_WORK ORDER_: Exactly as written, please repeat the data that follows, but not the pictures.

_DATA FOR THIS EXERCISE_:
········
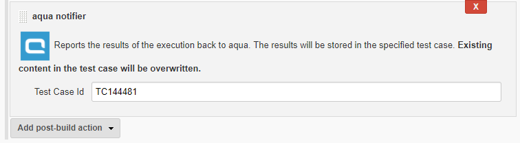 Then go to your Jenkins Job, add a new Postbuild Action called aqua Notifier” and enter the Id of your aqua test case.
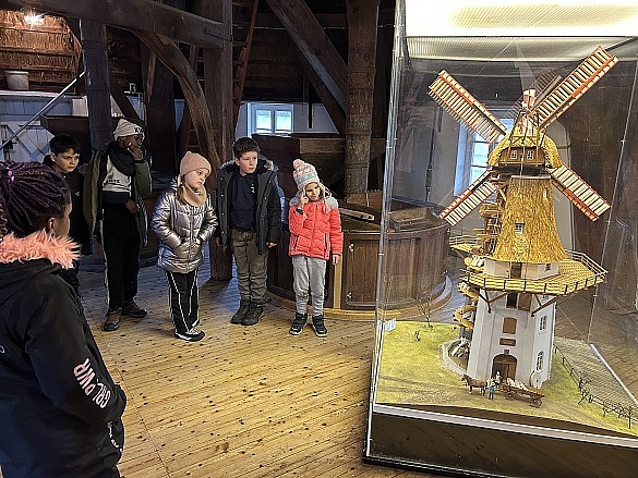 Anschließend führte das Mühlenteam die Klasse durch die historische Mühle. Die Kinder erfuhren, wie aus Getreide Mehl entsteht und welche Arbeitsschritte dafür notwendig sind – vom Mahlen über das Sieben bis hin zum fertigen Produkt. Besonders beeindruckend waren die großen Mahlsteine und die Geräusche der Mühle.
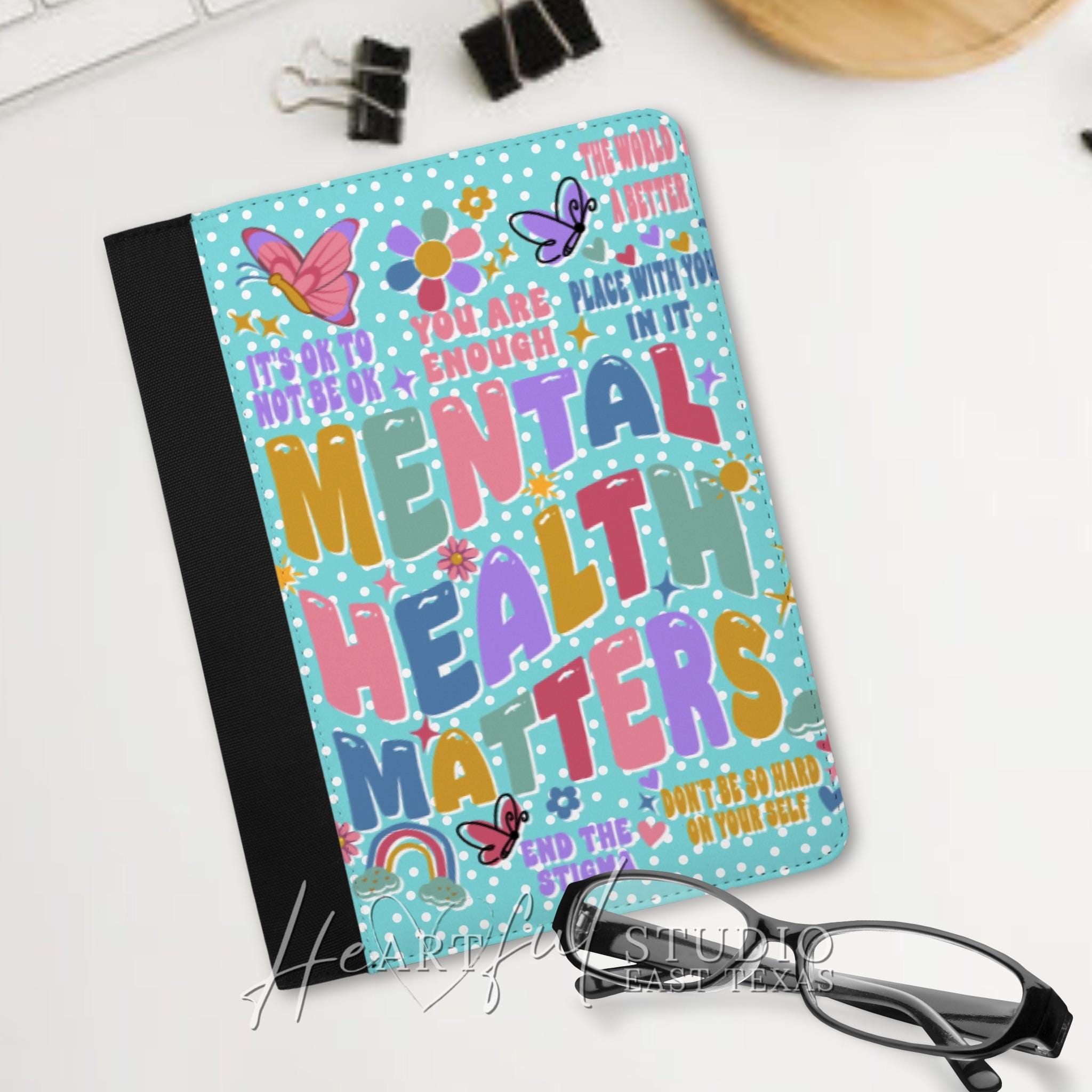 Show off your passion for mental health awareness with our Mental Health Matters Padfolio! This stylish and functional padfolio not only keeps your important documents organized, but also shows your support for this important cause. Make a statement and stay organized with our padfolio.
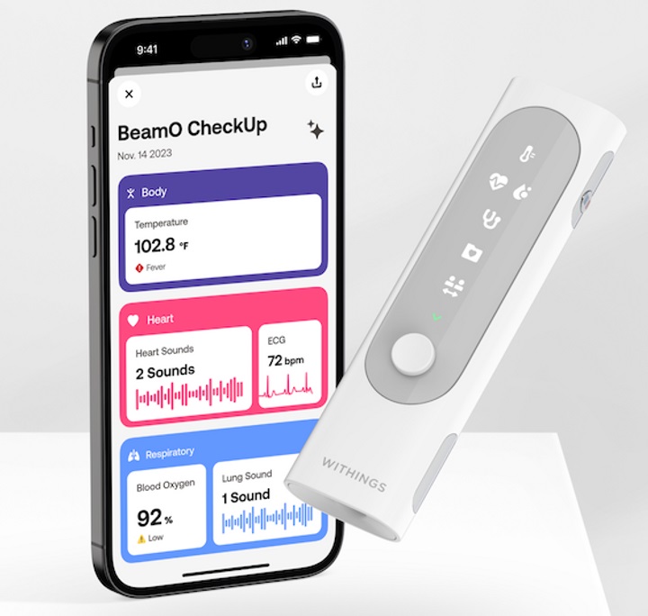 На выставке CES 2024 компания Withings представила BeamO - устройство для оценки состояния здоровья класса "4 в 1". Этот "мультископ", сочетающий в себе сенсоры ЭКГ, оксиметра, стетоскопа и термометра, позволяет следить за важнейшими показателями здоровья, которые традиционно измеряются на приеме у врача.
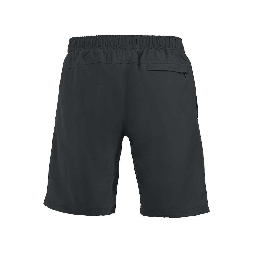 Sports shorts with contrast piping at side seams. Two front pockets and one back pocket with zip closure. Mesh lining inside. Elastic and drawstring at waist.
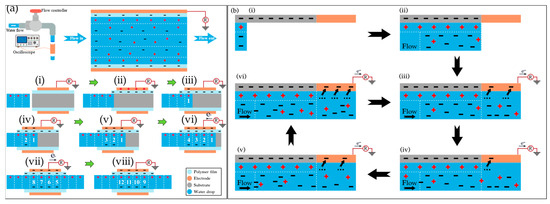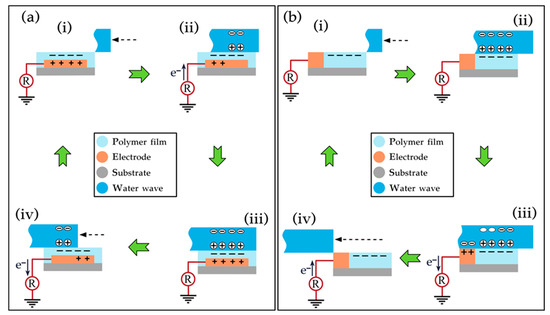 In the indirect charge transfer mechanism (illustrated in Figure 3a), water flow interacts with a hydrophobic polymer-coated electrode, utilizing a polymer film to modulate surface charge affinity. The process initiates as water waves approach and make contact with the polymer layer (Figure 3(a-i)). This interaction triggers surface group ionization, leading to negative charge accumulation on the polymer film while the water gains a positive charge to maintain charge neutrality [18,19]. Factors such as flow rate, water composition, and temperature can significantly impact charge transfer efficiency. As the water flow continues along the polymer-coated surface (Figure 3(a-ii)), an EDL forms at the interface, creating a potential difference that drives electron flow through an external circuit, producing an electrical current. This current persists until a state of electrostatic equilibrium is achieved between the interacting charges (Figure 3(a-iii)). As the water wave recedes from the polymer surface (Figure 3(a-iv)), the re-establishment of a potential difference between the electrode and the ground prompts electron flow back to the ground, completing the charge transfer cycle and generating a continuous AC. The efficiency of this approach can be influenced by factors such as the choice of polymer materials, the thickness, composition, length, and affinity of the dielectric layer, as well as other related properties [12,33].
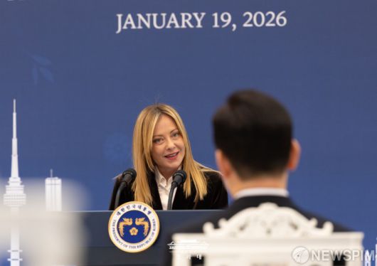 [서울=뉴스핌] 조르자 멜로니 이탈리아 총리가 지난 19일 청와대에서 열린 공식 환영 오찬에서 인사말을 하고 있다. [사진=청와대] 2026.01.20 photo@newspim.com |
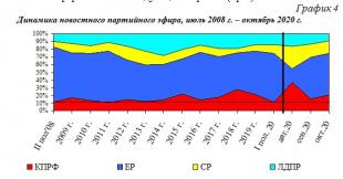 В течение июля 2008 г. – октября 2020 г. структура новостного партийного телеэфира менялась следующим образом (Гр.4):
········
_SOLUTION_:
 Then go to your Jenkins Job, add a new Postbuild Action called aqua Notifier” and enter the Id of your aqua test case.
 Anschließend führte das Mühlenteam die Klasse durch die historische Mühle. Die Kinder erfuhren, wie aus Getreide Mehl entsteht und welche Arbeitsschritte dafür notwendig sind – vom Mahlen über das Sieben bis hin zum fertigen Produkt. Besonders beeindruckend waren die großen Mahlsteine und die Geräusche der Mühle.
 Show off your passion for mental health awareness with our Mental Health Matters Padfolio! This stylish and functional padfolio not only keeps your important documents organized, but also shows your support for this important cause. Make a statement and stay organized with our padfolio.
 На выставке CES 2024 компания Withings представила BeamO - устройство для оценки состояния здоровья класса "4 в 1". Этот "мультископ", сочетающий в себе сенсоры ЭКГ, оксиметра, стетоскопа и термометра, позволяет следить за важнейшими показателями здоровья, которые традиционно измеряются на приеме у врача.
 Sports shorts with contrast piping at side seams. Two front pockets and one back pocket with zip closure. Mesh lining inside. Elastic and drawstring at waist.
 In the indirect charge transfer mechanism (illustrated in Figure 3a), water flow interacts with a hydrophobic polymer-coated electrode, utilizing a polymer film to modulate surface charge affinity. The process initiates as water waves approach and make contact with the polymer layer (Figure 3(a-i)). This interaction triggers surface group ionization, leading to negative charge accumulation on the polymer film while the water gains a positive charge to maintain charge neutrality [18,19]. Factors such as flow rate, water composition, and temperature can significantly impact charge transfer efficiency. As the water flow continues along the polymer-coated surface (Figure 3(a-ii)), an EDL forms at the interface, creating a potential difference that drives electron flow through an external circuit, producing an electrical current. This current persists until a state of electrostatic equilibrium is achieved between the interacting charges (Figure 3(a-iii)). As the water wave recedes from the polymer surface (Figure 3(a-iv)), the re-establishment of a potential difference between the electrode and the ground prompts electron flow back to the ground, completing the charge transfer cycle and generating a continuous AC. The efficiency of this approach can be influenced by factors such as the choice of polymer materials, the thickness, composition, length, and affinity of the dielectric layer, as well as other related properties [12,33].
 [서울=뉴스핌] 조르자 멜로니 이탈리아 총리가 지난 19일 청와대에서 열린 공식 환영 오찬에서 인사말을 하고 있다. [사진=청와대] 2026.01.20 photo@newspim.com |
 В течение июля 2008 г. – октября 2020 г. структура новостного партийного телеэфира менялась следующим образом (Гр.4):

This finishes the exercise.